Part (a)
Tangential stress (*longitudinal section*):

$F = 2T$

$pDL = 2(\sigma_t tL)$

$\sigma_t = \dfrac{pD}{2t} = \dfrac{4.5(400)}{2(20)}$

$\sigma_t = 45 \, \text{MPa}$ *answer*

Longitudinal Stress (*transverse section*):

$F = P$

$\frac{1}{4} \pi D^2 p = \sigma_l (\pi Dt)$

$\sigma_l = \dfrac{pD}{4t} = \dfrac{4.5(400)}{4(20)}$

$\sigma_l = 22.5 \, \text{MPa}$ *answer*

Part (b)

From (a), $\sigma_t = \dfrac{pD}{2t}$ and $\sigma_l = \dfrac{pD}{4t}$ thus, $\sigma_t = 2\sigma_l$, this shows that tangential stress is the critical.

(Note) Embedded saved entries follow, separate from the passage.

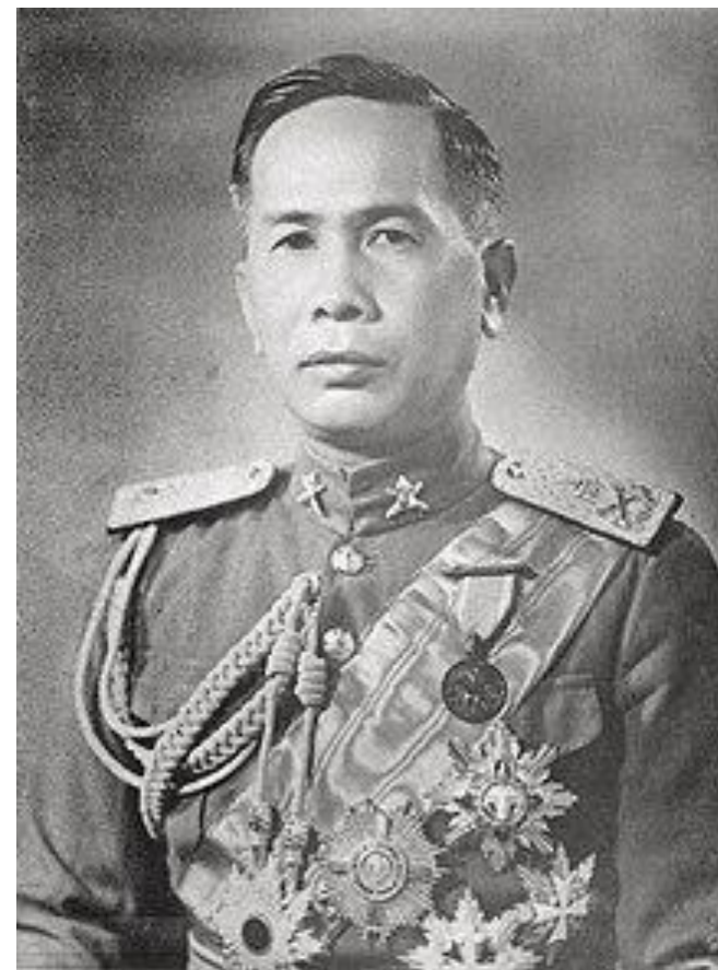
จอมพล ป. พิบูลสงคราม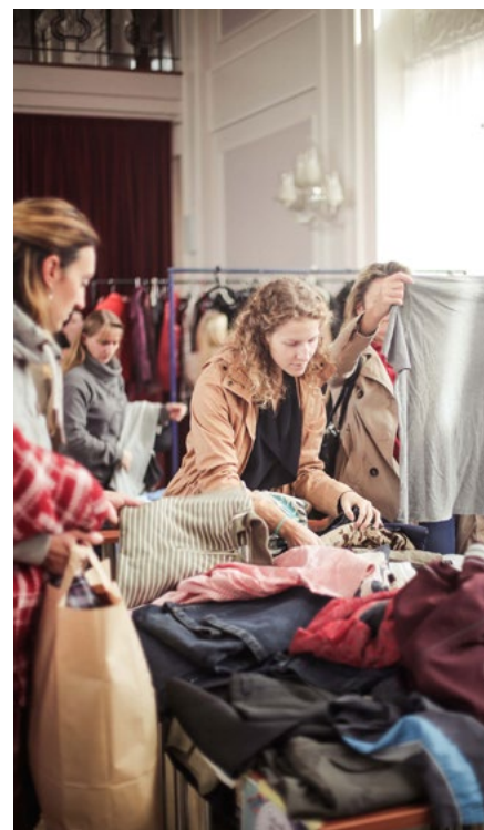
Přineste vyřazené oblečení. Třeba se hodí někomu jinému.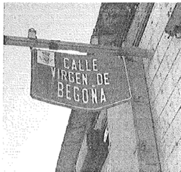
Deteriorada, doblada y sujeta por dos alambres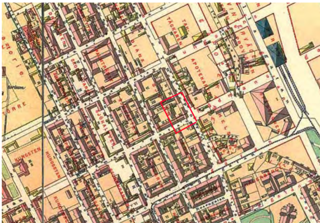
Karta från 1885, nuvarande Sjöråen24 markerad med röd ram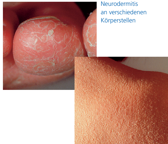
Neurodermitis an verschiedenen Körperstellen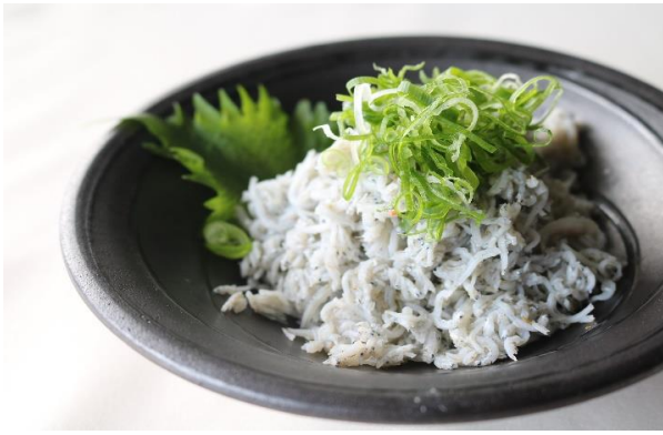
釜揚げしらす(愛媛県産) 800円(税込 880円)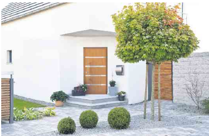
Natürlich anmutende Tür in modernem Design.

Reine Funktionalität, um ins Haus und nach draußen zu gelangen, war gestern - Immer mehr Bauherren sehen die Haustür als elementares Gestaltungselement der eigenen vier Wände, berichtet der Verband Fenster und Fassade (VFF). Folgende Faktoren haben Einfluss auf die Auswahl der passenden Tür.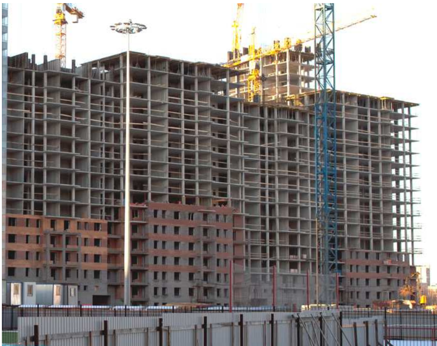
Вид со стороны школы и спортивной площадки на секции 35-29

$\sigma_t = \dfrac{pD}{2t}$
$120 = \dfrac{p(400)}{2(20)}$

$p = 12 \, \text{MPa}$ *answer*

The bursting force will cause a stress in the longitudinal section that is twice to that of the transverse section. Thus, fracture is expected as shown.